Continuing the MB tray

Filed under: C case — @ 8:25

I started this days work by checking the blueprints and printing motherboard diagram from ATX specification:

Since the placement of the mounting holes is crucial to the success of the mobo tray, and I have an additional challenge of constructing the tray from two layers of plastic, I decided to attach the layers together before making any further cuts. And what would be a better way to attach them than through the mobo mounting holes!

So I taped them together after triple-checking their relative placement and then proceeded to draw the guidelines. After cursing half a dozen times Intel’s decision to draw ATX specification diagram in inches and not in metric units, I was done.

Here blue lines mark the borders of the mobo and green ones are guidelines for holes. Red ones are there to appreciate the wiseness of the man who uttered the legendary words: “measure twice, cut once”.

Since I do not have real acrylic drill bits and I am also still lacking the press drill, I had to do this hard way. To minimize risk of trashing my precious acrylic, I first made starting points for holes with a spike:

I drilled the holes in three phases, starting with 1.5mm bit and then proceeding with 2mm and 2.5mm ones. I reasoned that this would lessen the chances of chipping the sheets compared to going with the biggest bit at once. And at least it didn’t fail me, since I have nice holes here (and unsharp pic, but I’m too tired not to set up the tripod):

These holes are not big enough for M4 screws I plan to use, but they should not be since I will later make threads for the screws. So I threw in some M3 screws and bolts for now:

Next I will cut tracks for the tray supports and the supports themselves. But first some sleep.

Scetching connector covers

Filed under: C case — @ 5:47

As you might now, my plan is to use black round DIN connectors for connecting visible wires.
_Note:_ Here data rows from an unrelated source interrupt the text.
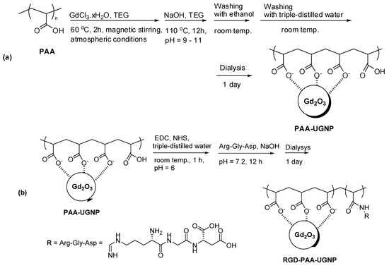 Two-step synthesis of RGD-PAA-Gd2O3 nanoparticles. (a) Step 1: PAA-Gd2O3 nanoparticles and (b) step 2: conjugation of RGD with PAA-Gd2O3 nanoparticles. EDC = N-(3-dimethylaminopropyl)-N′-ethylcarbodiimide, NHS = N-hydroxysuccinimide, and UGNP = ultrasmall gadolinium oxide nanoparticle. Adapted with permission from [44], The Royal Society of Chemistry, 2020.
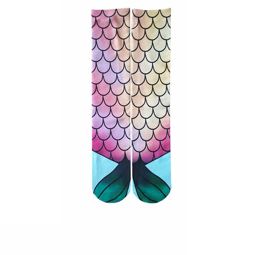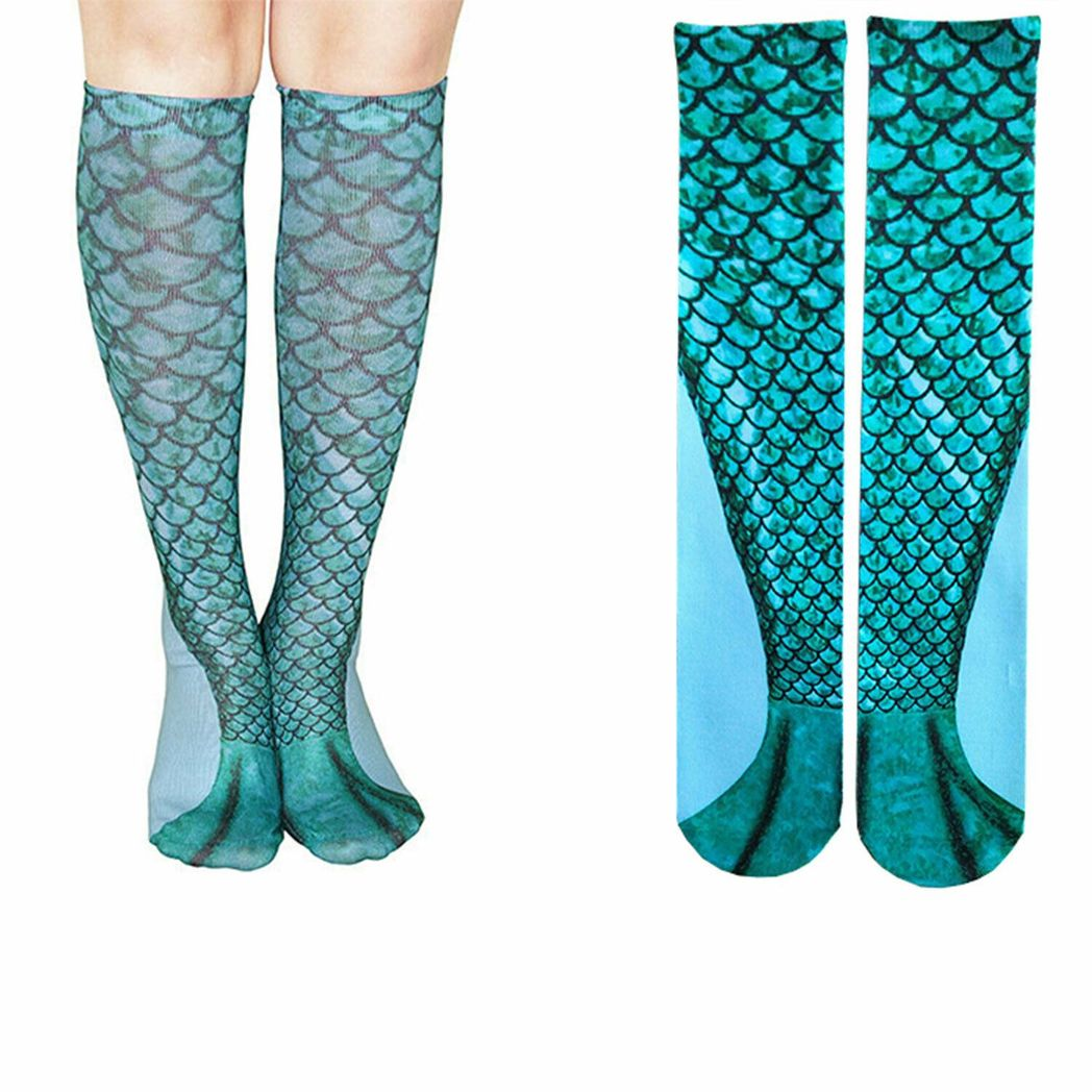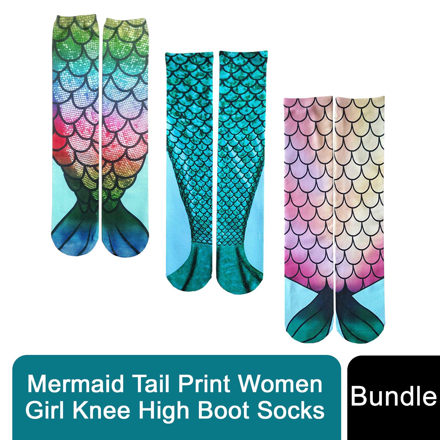 Mermaid Tail Print Women Girl Knee High Boot Socks
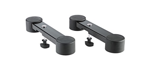 The short version of support arms for »Omega« keyboard stands 18800, 18810 and 18820. The length of the support arms is only 264 mm and is therefore ideally suited for stage pianos and keyboards with a small depth. The large round rubber pads ensure a secure and anti-slip hold.
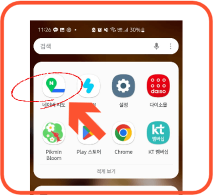 1. 네이버 지도 앱을 다운로드 합니다. 다운받은 네이버지도 앱 아이콘을 클릭합니다.
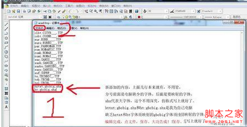 注意事项:用记事本打开acad.fmp文件后, 字体映射httxt;gbcbig.shx和ht;gbcbig.shx的编辑要在英文状态下编辑,分好和句号是英文中的。
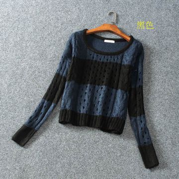 外貿(mào)原單2015秋季韓版女裝麻花鏤空圓領套頭橫條紋毛衣打底針織衫 /

The male one is ok, since it’s about the same thickness as the tubing that covers the wires, but the female one has to be covered, since it’s in most of the cases of variety that gets screwed into plate and thus has inproper looks.

I have plenty of visions about how to cover the joint between two pieces of wires, and now that I came up with something that might actually work, I made a prototype. The quality of the finish and the photos are low, but it’s a prototype, remember.

After spending best part of the evening with pen, paper, dremel-clone, needle-file and various sandpapers, here is what I have:

And the same in UV light:

Neither of the plastics are UV reactive per se, but as you can see, they still light up and look quite good, in fact, at least in reality.

Here is a quick image manipulation of how it would look like with the covered wire and if there was four of the vertical decorations:

Might work, but got to think about it. And if I go for this, I will want to have at least 6 “teeth” per cylinder. I also would like to have some more colorful plexiglass there. Maybe some bright UV reactive color for the “teeth” and smoky cover for the cylinder.. let’s see.